In reality, the Baroque masters did not intend their music to be treated as relaxing, suitable for dinner or office usage.  In fact, according to Judy Tarling in The Weapons of Rhetoric:  A Guide for Musicians and Audiences, “The ubiquitous use of music written in the rhetorical style (Brandenburg Concertos, Vivaldi’s ‘Four Seasons’) as ‘easy listening’ background music in the shopping mall, lift or supermarket is disturbing and devalues its rhetorical worth.” (Page iv)  Tarling continues on by noting that even though some music of the period was used as background music, it was nonetheless appropriately tailored such that it would not be too taxing on the audience’s emotions.  In other words, composers wrote music specifically intended for this purpose.  Take Telemann’s Tafelmusik, for example; the title literally means “dinner music”, and other composers of the period wrote collections under the same title for the same purpose.  Listening to Telemann’s piece described above, I find it somewhat bland compared to other Baroque masterpieces that I have heard.  And no wonder, since it was deliberately written to be bland!

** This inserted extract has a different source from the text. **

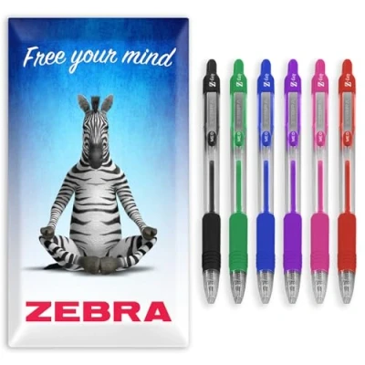 Zebra Pen Z Grip Retractable Ballpoint Pens 1.0mm Nib Pack of 6 In Cardboard Gift Box School, Writing, Work, Office (Assorted)
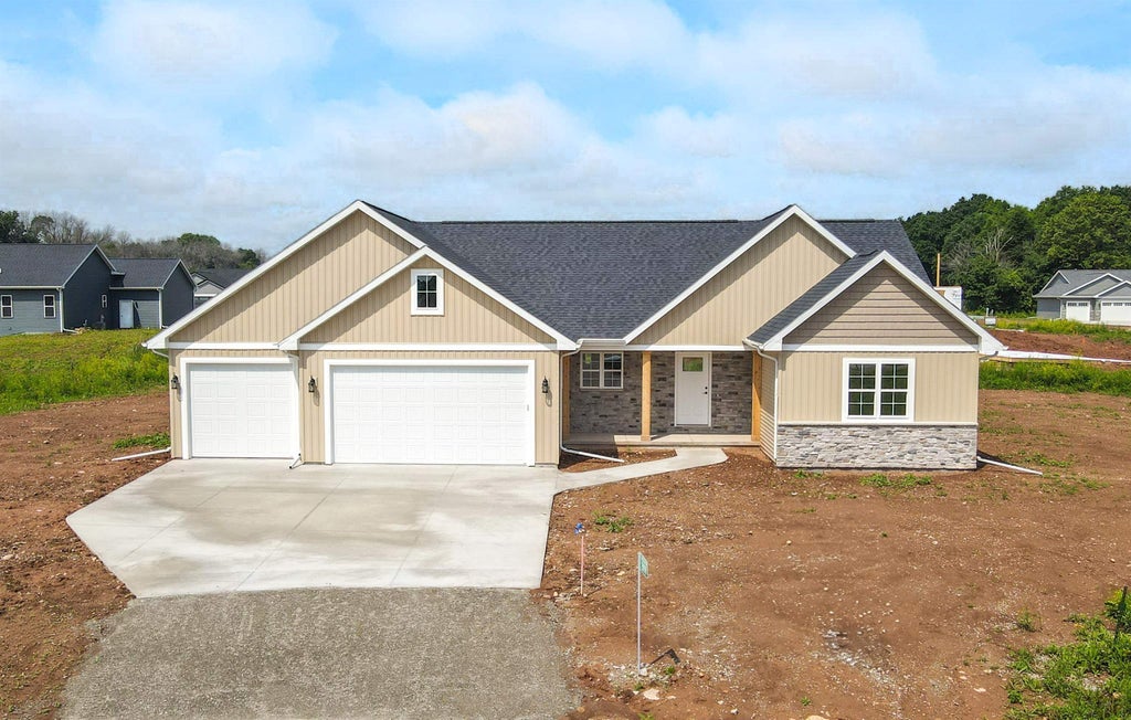 This tastefully designed 5 bdrm 3 bath split bdrm ranch from Oakwood Homes offers an amazing open floor pan that makes the interior space feel bigger and brighter. Washed wi/windows the inviting interior features a volume ceiling from the oversized GR to the eat-in kitchen. This combination space is perfect for entertaining or just relaxing. Stocked w/cabinetry the kitchen will be the hub of the home w/full appliance package, walk-in pantry, and lg center island. Enjoy split bdrm design w/primary suite offering dual vanity, walk-in closet & tray ceiling. Additional features include: mudrm, separate FF laundry, finished LL w/rec rm, 2 additional bdrms, 3rd full bath, and 3 car garage.

Recently, I have noticed an ongoing trend to mass-market Baroque and classical music in general.  While I do advocate its usage to aid special needs children and its usage in public places (MUCH better than hard rock!), the “easy listening Baroque” trend does not gel with me well.  In particular, “Relaxing Pachelbel” CDs at Target and entire CD series of Baroque with nature sounds do not rub me right, since the music is becoming too commercial not unlike a McDonald’s Cheeseburger.  As the music was written to arouse emotion, transforming it into bland “muzak” is totally against the composer’s intentions, and while mass-marketing Baroque can be done tastefully (as I have seen), this is going too far.  I totally understand that historically correct performance cannot be enforced in all situations and totally support  today’s generation gaining exposure to quality music, but there is a place where to draw the line.  Seagulls and Purcell just do not mix.